I have used the excuse that PCI-E SSD "accelerators" are needed for tempdb,
which are not really "storage",
hence there is no IT department mandate that it be on the SAN,
under the absolute control of the SAN admin.
In fact there were no special requirements for tempdb different from that of data.
Then for unrelated reasons, there was enough capacity to put the entire DB on local SSD.
Perhaps a file group with non-critical objects could reside on the SAN
to carry the pretense of the local SSD not really being storage.
Note that I have not naively suggested engaging in constructive dialog with the SAN team.
They are on a holy mission that has no alignment with their company/organization's mission.
Anything that contradicts SAN scripture is heresy.
Oracle database machine has been described as hardware optimized for Oracle database.
In fact the true mission is to take the SAN admin out of the loop.
I think HP offered appliance oriented systems for SQL Server in 2012?,
but they only system option was the DL980? which is severely narrow market segment.

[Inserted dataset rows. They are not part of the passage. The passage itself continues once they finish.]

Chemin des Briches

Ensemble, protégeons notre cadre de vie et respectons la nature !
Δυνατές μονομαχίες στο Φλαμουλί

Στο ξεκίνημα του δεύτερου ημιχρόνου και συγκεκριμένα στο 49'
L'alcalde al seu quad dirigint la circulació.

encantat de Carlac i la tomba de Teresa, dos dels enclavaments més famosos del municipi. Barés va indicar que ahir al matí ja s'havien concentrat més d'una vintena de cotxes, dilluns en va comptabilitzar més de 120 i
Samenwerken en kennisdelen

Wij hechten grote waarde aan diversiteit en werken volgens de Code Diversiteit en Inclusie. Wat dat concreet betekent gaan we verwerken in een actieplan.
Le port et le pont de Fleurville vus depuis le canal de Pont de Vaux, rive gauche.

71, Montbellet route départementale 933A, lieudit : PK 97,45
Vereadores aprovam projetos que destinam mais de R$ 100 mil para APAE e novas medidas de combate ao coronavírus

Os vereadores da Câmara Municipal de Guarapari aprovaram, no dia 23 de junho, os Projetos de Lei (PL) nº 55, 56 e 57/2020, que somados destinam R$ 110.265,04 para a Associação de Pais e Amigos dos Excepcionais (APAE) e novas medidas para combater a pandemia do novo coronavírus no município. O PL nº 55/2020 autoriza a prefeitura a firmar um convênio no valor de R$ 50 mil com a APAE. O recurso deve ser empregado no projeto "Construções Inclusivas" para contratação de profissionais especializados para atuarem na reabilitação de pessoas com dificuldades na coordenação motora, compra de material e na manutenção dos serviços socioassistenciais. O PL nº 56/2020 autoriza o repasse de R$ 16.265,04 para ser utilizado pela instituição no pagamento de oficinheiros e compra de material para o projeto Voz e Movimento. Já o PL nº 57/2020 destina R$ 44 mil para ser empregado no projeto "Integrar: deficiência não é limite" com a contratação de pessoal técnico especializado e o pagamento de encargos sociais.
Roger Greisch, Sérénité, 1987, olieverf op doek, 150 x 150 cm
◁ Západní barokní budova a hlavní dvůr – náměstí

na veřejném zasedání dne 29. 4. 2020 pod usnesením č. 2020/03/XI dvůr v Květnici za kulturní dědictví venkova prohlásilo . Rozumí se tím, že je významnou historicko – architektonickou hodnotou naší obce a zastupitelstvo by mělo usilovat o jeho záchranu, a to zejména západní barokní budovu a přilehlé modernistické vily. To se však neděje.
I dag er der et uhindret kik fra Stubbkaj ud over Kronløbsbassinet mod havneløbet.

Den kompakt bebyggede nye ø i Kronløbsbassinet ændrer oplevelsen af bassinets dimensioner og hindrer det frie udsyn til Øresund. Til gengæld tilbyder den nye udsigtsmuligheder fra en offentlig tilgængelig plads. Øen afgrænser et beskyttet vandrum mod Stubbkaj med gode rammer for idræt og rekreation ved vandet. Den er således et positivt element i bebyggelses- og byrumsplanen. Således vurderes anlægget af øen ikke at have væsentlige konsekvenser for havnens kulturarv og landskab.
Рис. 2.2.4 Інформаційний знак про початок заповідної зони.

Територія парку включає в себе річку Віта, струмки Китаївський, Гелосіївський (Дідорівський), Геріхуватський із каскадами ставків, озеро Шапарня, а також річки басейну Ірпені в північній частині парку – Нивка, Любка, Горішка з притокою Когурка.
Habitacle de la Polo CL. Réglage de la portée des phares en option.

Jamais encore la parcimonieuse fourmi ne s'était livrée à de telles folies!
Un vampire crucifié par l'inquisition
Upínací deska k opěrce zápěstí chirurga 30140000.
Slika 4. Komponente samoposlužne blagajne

There needs to be DL380 and 580 options as well.
A SAN is simply a computer system that resides between storage elements and hosts (storage clients)

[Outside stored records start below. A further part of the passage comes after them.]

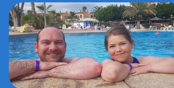
Viðgerðir í ferihýri
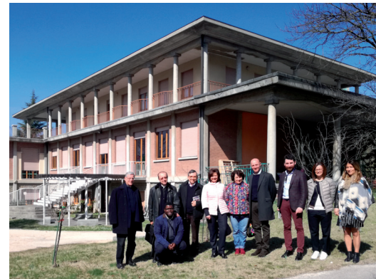
Visita alla scuola materna "Don Tarasconi"
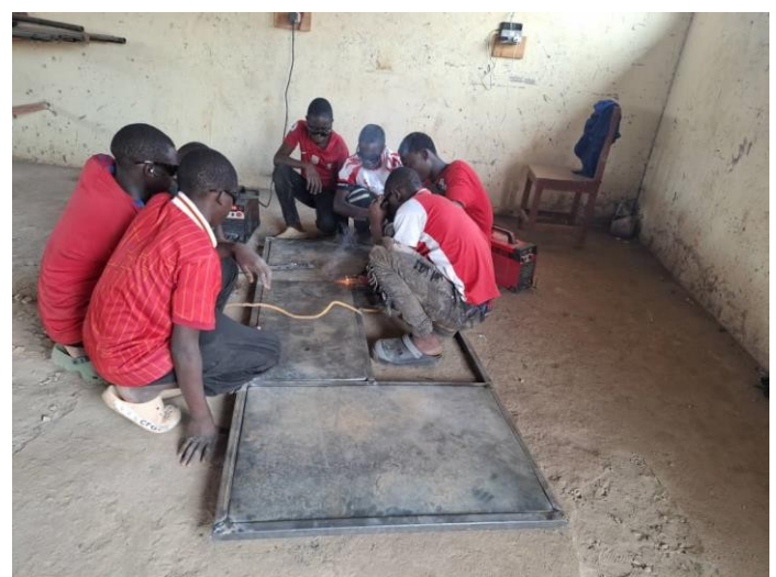
SCHÜLER IN DER SCHWEISSEREI
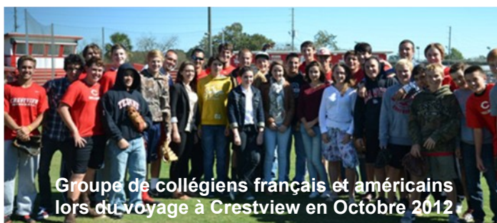
Groupe de collégiens français et américains lors du voyage à Crestview en Octobre 2012
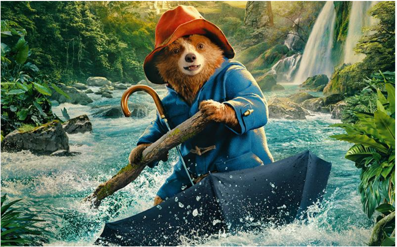
Постер к фильму «Приключения Паддингтона 3»
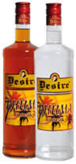
DESIRÈ RHUMA FANTASIA BIANCA/SCURA 50 CL
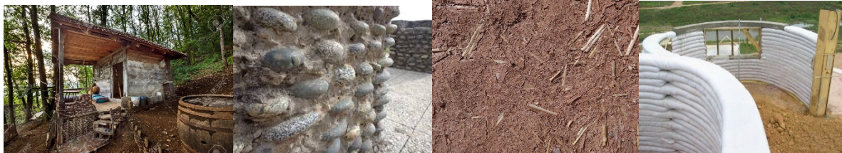
56-59 εικ. Φυσική δόμηση Βιοκλιματική αρχιτεκτονική Cob.gr, 2020

providing volumes (similar to any other client-server application).
One practical feature is that the SAN can provide protection against single component failure.

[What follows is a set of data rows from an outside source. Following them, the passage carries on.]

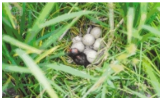
有機栽培可以讓環境生意盎然

有機農業嚴禁施用任何化學農藥，我們可以容易的發現，因為沒有農藥的危害，所以土壤中消失已久的蚯蚓出現了，而以蚯蚓為食的青蛙也跟著出現在有機耕作田中。此外有機耕作田因為有許多小生命在此生存下來，可以當成為蜻蜓的食物，於是蜻蜓盤旋在田野上空的情景也時有所見。如此有機耕作田中的生物自然生存及繁殖，形成有規律的食物鏈及生態系，我們生活的環境再度恢復生命力，出現豐富的色彩。所以發展有機農業可以恢復土壤活性，讓土地永續
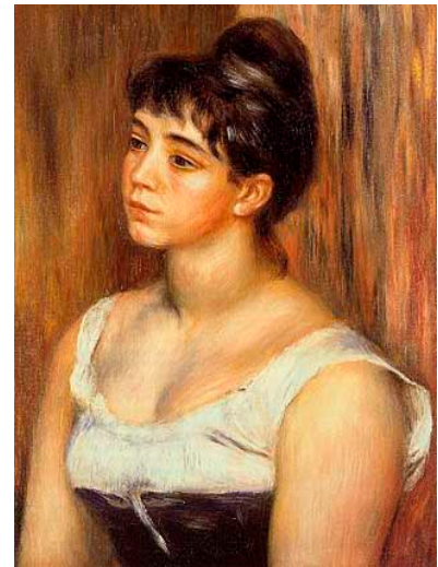
Pierre Auguste Renoir: Suzanne Valadon (1885)

G. Mahler (1856-1911) G. Puccini (1858-1924) Carl Nielsen (1865-1931) A. Scriabin (1872-1915) M. de Falla (1876- 1946) S. Rachmàninov (1873-1943) Í. Stravinski (1882-1971)
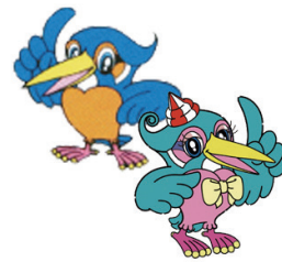
ウェイキー&リップル

☆5日(祝)まで…第27回多摩川さつき杯 ☆9日(土)～14日(木)…第31回日本モーターボート選手会会長賞 ☆24日(日)～29日(金)…ヴィーナスシリーズ第5戦は政プリンセスカップ 電話投票会員募集中 電話 ☎0120-858-006でレポート加入受付センターへ
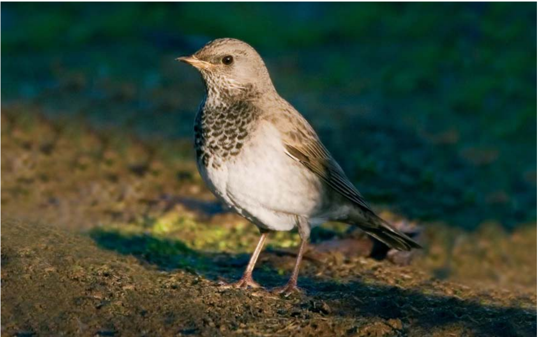
68 Black-throated Thrush / Zwartkeellijster Turdus atrogularis , male, Leira, Garður, Iceland, 14 November 2005 (Daniel Bergmann)
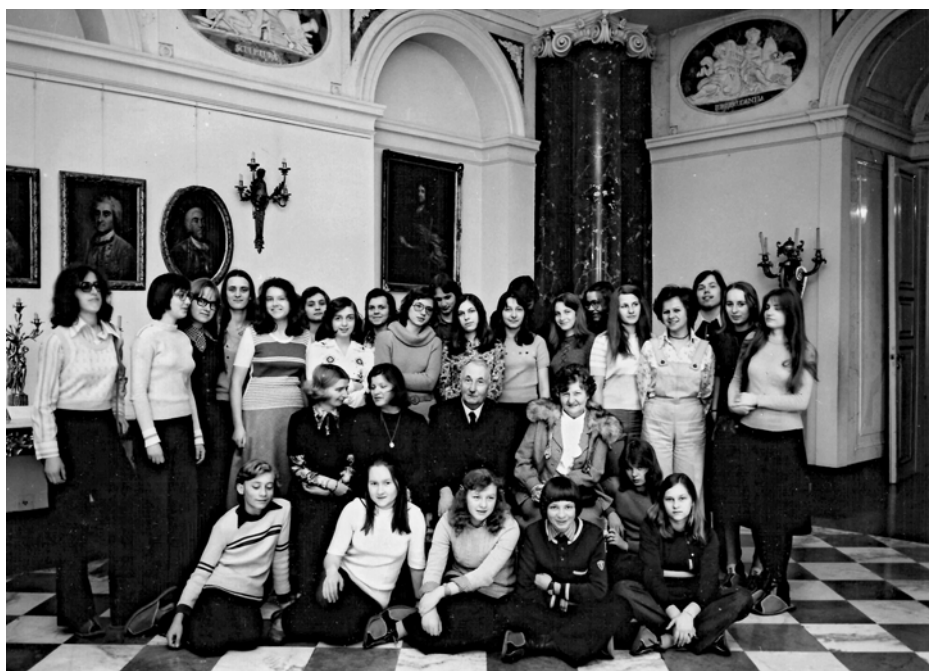
Grupa społecznych przewodników po Bibliotece Stanisławowskiej w Warszawie wyłoniona spośród słuchaczy Kursu wiedzy o Warszawie w roku szkolnym 1974/1975

I have no objection to this concept, nor to the fact that the SAN vendor
wants to sell hardware at a list price of 10X markup to cost.
Strangely, it seems that people want to buy expensive stuff (just look around outside of IT).
Consider that an organization might spend anywhere from tens of millions to a few billion dollars to develop the main database application.
It does not seem right (to a high level executive) to put such an application on a $100K server plus $200K storage when there are $1M servers and $6M storage systems available.
Never mind whatever might be the consequential differences between them.
Or the fact that there are supreme technical challenges in scaling on (hard) NUMA,
and oh yeah, the chief architects have never heard of NUMA.
The point here is that people will buy very expensive SAN systems without technical understanding or justification.
There is a perfectly sound business justification.
What the client needs is a system supported by deep experts.
Not some rookie field engineer who incorrectly chooses to replace the memory board with no uncorrected errors before then board with uncorrected errors.
My observation is that the SAN Vendors feels a need to have technical justification for selling a storage system with extraordinarily high marks.
So the vendors creates reasons.
(Technical justification created for marketing requirements tend to have serious logical flaws, but a creative marketing professional is not easily deterred).
It follows on pretending that these technical justifications are valid,
then the "best" practices for employing a SAN should be blah, blah, as derived from the underlying reason.
Do I need to explain the consequences of implementing practices built on a lie?
I will add that there is an absolutely critical value-add that the storage system vendor must provide
that alone justifies very expensive pricing.
This is integration testing, verifying that the complex system with very many components work well together.
The hard disk vendors are generally good at validating that their products works to specification in desktop and workstation configuration with 1 or even a few drives.
Ensuring a storage system with several controllers, thousands of HDD, dual-controllers etc., is vastly more complicated.
This is a valid reason.
Building practices on a valid reason has benefits.
In a large environment, there might be hundreds or thousands of servers, database instances, SQL Server or other.
Managing very many systems and databases economically requires a high degree of automation,
usually implemented with standard configurations.
However, there are some databases that are critical either in being required for day to day operations and possibly providing a competitive advantage over other options.
One indicator of this is that there are DBAs and developers dedicated to a specific application.
In this case, the argument that customization of storage configuration is not feasible because of the other responsibilities on the SAN team is total BS.